韓国との力の差は歴然だった手倉森ジャパン。中盤の厚み、攻守の切り替えで後手。実戦経験の必要性を痛感

text by 河治良幸 photo by Getty Images

中盤の主導権争いで後手。チャンスの数に大差

 主導権争いの要素として最も差が出たのは中盤の厚みで、日本は4-2-3-1の2と3の部分が離れ気味で遠藤航と大島僚太の2ボランチが独立していたのに対し、韓国は4-2-3-1でも実質4-5-1であり、守備で高い位置を取りすぎることなく2-3が常に一体となりながら、日本の中盤にプレッシャーをかけてきていた。

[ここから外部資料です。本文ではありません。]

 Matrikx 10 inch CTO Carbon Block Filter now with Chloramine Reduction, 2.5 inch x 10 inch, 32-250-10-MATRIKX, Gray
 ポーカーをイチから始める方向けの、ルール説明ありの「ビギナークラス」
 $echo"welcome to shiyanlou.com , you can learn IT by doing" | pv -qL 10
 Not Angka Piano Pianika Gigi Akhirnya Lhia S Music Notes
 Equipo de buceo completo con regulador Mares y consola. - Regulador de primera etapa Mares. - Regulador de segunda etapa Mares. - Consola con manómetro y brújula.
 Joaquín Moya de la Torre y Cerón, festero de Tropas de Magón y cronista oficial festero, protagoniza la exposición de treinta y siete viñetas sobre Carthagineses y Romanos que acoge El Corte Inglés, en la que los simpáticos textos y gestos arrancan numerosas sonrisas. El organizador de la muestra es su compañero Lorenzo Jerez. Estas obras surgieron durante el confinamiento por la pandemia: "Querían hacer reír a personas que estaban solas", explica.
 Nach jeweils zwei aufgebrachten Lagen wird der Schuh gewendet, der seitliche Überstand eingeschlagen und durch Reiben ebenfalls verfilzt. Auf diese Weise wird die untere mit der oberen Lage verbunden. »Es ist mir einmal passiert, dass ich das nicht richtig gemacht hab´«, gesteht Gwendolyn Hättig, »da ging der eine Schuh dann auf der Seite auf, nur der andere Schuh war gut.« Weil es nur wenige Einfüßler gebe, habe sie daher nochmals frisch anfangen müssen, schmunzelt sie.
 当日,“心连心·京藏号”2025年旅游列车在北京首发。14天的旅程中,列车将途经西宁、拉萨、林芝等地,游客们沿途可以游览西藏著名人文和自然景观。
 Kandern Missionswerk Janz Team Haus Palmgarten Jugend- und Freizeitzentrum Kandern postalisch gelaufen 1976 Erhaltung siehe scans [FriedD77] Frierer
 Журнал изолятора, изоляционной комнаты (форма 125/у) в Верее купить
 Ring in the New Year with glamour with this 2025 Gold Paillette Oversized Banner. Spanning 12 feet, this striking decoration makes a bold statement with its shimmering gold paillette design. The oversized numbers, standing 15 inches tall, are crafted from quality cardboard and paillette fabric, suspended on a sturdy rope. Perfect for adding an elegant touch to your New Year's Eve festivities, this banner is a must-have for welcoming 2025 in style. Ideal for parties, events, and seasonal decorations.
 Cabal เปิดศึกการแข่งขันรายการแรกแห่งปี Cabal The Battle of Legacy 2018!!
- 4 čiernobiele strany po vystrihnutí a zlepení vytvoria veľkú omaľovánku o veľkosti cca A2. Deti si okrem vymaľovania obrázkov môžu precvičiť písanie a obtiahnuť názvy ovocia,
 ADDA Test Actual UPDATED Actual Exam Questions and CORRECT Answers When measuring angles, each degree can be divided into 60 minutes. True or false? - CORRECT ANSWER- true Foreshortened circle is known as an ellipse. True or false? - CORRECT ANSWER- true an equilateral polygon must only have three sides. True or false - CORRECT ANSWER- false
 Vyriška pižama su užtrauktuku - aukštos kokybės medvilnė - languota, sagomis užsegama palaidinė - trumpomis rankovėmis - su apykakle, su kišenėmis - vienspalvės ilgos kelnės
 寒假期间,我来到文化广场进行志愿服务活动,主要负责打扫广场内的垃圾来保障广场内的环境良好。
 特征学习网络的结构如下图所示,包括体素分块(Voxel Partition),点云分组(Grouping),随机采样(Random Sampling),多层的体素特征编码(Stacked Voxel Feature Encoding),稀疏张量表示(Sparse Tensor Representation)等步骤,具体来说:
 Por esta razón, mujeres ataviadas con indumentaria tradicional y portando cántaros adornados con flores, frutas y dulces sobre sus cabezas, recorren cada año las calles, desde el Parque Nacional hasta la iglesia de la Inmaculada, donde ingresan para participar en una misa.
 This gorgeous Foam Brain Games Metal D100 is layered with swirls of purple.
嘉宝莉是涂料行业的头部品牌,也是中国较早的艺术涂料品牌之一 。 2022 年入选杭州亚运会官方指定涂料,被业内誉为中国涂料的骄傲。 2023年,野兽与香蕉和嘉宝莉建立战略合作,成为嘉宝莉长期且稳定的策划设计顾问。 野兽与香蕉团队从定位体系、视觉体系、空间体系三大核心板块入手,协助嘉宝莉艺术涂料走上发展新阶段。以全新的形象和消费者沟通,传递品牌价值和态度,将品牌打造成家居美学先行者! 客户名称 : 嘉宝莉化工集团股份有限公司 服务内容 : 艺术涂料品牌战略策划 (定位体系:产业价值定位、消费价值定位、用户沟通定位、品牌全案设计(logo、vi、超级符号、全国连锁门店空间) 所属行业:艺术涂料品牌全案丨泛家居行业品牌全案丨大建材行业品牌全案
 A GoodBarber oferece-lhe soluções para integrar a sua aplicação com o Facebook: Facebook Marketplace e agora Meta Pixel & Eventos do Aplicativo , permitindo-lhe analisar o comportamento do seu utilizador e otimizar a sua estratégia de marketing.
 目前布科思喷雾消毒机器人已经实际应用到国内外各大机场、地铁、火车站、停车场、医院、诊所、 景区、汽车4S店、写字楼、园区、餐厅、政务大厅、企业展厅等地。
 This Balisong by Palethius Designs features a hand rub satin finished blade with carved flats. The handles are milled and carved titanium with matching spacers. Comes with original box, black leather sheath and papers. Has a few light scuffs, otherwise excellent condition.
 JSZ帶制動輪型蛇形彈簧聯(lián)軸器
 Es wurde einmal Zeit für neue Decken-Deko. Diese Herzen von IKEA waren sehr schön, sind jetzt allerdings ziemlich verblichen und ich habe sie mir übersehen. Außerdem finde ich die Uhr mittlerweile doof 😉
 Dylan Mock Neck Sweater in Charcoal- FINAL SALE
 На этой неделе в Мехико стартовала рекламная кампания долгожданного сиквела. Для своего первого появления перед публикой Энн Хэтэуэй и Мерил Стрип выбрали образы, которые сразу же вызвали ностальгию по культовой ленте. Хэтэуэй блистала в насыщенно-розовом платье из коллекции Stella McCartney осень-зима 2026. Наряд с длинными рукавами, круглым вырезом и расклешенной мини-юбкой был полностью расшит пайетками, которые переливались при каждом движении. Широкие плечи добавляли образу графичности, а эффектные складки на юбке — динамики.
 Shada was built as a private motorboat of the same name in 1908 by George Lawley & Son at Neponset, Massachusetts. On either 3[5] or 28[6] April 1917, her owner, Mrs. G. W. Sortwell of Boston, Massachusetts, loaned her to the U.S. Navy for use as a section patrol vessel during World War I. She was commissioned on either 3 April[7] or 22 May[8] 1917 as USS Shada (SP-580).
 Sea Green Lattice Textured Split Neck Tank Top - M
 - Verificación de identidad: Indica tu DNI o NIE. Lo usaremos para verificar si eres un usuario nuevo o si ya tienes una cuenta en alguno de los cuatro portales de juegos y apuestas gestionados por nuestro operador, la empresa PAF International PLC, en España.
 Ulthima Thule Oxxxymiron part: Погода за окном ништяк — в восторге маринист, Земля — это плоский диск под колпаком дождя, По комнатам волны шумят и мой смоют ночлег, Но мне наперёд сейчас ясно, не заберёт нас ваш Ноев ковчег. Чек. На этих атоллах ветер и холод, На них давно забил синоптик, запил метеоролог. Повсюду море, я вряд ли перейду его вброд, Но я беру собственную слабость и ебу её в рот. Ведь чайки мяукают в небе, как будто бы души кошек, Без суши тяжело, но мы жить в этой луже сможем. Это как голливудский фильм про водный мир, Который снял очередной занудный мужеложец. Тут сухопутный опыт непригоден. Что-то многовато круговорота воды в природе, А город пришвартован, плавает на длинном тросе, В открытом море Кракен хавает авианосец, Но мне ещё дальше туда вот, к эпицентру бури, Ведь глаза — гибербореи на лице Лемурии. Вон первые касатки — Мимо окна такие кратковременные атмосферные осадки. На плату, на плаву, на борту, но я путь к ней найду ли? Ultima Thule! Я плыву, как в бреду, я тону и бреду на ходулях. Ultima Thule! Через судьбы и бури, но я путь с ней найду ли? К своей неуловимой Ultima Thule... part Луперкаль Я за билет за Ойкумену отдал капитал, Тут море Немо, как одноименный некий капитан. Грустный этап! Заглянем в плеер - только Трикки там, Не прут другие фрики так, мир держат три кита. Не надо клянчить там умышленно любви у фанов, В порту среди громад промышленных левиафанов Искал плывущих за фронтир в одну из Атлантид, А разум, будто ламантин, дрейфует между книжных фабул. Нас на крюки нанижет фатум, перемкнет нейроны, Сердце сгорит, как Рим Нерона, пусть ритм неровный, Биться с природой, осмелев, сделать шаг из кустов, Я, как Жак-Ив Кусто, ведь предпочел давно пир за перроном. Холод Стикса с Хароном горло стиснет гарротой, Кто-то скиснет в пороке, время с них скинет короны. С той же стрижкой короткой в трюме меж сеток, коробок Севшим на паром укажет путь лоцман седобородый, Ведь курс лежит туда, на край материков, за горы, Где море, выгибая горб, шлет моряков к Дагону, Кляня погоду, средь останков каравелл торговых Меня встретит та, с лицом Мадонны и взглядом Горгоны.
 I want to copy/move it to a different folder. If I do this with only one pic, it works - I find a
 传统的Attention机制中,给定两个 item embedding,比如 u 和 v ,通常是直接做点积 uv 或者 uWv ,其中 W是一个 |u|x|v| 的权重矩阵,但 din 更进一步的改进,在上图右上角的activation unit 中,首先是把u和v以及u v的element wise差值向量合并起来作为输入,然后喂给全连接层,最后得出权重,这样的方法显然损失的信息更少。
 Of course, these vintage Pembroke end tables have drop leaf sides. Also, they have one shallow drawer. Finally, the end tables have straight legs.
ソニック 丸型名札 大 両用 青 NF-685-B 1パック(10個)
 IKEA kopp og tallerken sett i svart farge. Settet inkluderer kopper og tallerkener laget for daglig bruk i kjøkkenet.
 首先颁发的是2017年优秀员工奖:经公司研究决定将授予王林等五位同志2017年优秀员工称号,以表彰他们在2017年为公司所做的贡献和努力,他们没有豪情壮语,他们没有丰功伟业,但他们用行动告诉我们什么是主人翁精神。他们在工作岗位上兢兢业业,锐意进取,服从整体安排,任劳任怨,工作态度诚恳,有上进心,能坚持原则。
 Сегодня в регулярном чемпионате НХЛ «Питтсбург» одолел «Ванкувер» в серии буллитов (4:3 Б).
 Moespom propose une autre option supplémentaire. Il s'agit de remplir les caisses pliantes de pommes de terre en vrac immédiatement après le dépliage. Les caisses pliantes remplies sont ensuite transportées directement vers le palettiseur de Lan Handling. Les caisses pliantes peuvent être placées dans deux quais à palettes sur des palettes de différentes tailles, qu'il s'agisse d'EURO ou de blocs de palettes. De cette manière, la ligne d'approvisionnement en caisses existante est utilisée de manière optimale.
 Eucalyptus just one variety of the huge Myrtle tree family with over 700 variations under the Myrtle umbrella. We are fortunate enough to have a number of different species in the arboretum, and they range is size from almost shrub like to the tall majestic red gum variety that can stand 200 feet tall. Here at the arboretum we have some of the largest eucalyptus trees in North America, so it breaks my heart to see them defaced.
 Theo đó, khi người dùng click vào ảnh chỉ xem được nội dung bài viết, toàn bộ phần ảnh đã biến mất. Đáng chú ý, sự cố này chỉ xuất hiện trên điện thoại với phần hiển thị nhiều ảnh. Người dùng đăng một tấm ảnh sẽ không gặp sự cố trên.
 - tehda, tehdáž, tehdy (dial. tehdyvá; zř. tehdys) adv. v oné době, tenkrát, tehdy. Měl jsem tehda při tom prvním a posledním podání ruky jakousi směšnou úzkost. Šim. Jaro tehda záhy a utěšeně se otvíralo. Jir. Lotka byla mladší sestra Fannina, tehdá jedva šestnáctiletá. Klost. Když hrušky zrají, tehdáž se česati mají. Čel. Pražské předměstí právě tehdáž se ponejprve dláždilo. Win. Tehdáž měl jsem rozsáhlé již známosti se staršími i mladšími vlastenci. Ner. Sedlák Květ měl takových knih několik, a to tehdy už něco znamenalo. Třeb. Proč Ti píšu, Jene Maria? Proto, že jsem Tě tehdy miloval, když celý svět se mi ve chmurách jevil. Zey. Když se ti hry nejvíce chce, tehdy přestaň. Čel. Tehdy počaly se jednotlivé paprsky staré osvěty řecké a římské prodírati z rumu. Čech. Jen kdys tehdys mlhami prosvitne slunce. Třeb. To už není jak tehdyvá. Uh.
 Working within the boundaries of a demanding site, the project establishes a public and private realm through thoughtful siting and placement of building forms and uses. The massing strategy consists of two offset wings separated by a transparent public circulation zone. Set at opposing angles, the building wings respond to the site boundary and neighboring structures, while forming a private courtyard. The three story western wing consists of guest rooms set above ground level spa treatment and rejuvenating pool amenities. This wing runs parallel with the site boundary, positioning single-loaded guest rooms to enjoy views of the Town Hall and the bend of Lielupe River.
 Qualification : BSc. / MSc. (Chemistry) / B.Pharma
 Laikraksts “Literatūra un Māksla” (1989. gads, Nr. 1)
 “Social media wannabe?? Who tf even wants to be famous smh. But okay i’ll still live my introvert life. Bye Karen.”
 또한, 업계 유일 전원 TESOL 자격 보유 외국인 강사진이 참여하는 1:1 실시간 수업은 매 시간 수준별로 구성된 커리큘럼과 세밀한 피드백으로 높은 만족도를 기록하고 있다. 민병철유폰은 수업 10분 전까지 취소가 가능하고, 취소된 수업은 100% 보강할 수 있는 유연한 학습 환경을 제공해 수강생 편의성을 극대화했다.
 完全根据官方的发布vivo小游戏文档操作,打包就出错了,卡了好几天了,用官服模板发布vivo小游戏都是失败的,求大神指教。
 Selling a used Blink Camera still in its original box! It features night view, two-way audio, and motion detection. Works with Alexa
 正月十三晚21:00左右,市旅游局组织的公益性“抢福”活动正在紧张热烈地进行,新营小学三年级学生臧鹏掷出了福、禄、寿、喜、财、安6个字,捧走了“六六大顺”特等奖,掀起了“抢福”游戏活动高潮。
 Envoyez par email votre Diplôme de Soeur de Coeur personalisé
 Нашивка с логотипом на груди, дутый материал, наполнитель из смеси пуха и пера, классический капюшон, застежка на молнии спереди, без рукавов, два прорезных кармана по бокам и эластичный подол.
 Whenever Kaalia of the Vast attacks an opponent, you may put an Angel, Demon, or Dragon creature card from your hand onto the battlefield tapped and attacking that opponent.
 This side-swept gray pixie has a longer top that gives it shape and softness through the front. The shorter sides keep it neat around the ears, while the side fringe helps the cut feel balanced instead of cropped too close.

 こうした中盤が有利ではない状況では、ボランチが無理に前方の出しどころを探さず、CBの岩波拓也と植田直通をうまく使いながら、SBに展開するなどワイドに広げて、リターンパスから中央を使っていくなど相手に揺さぶりをかけることが重要だ。

 しかし、選手たちにそうした余裕は感じられず、韓国の守備の密度が高いところに入っていってしまい、数的不利やトラップ際に体を付けられる場面が増えた。

 SBも常に縦を切られた状況でパスを引き出せていなかったが、左の秋野央樹がDFラインの高さでパスを受け、韓国を同サイドに引っ張りだして逆サイドのスペースに展開して行く様な形で韓国のディフェンスに後手を踏ませることもできなかった。

 結局、日本のチャンスができたのは前線の鈴木武蔵にやや強引なクサビがおさまった時、そしてセカンドボールから2列目の3人、特にトップ下の中島翔哉が前を向いてボールを持てた時だった。

 しかし、コンタクトプレーやセカンドボールは韓国の方が多くものにしているのだから、チャンスの数に大きな差が出るのは当然だ。

 ある意味、日本は韓国の得意なパターンに乗ってしまたのだが、それをいなして自分たちのペースに持ち込むしたたかさも、あえて相手の懐に入って打ち破る力も無く、試合の主導権を奪われてしまった。また攻守の切り替わりの違いも日本の戦局を不利にした。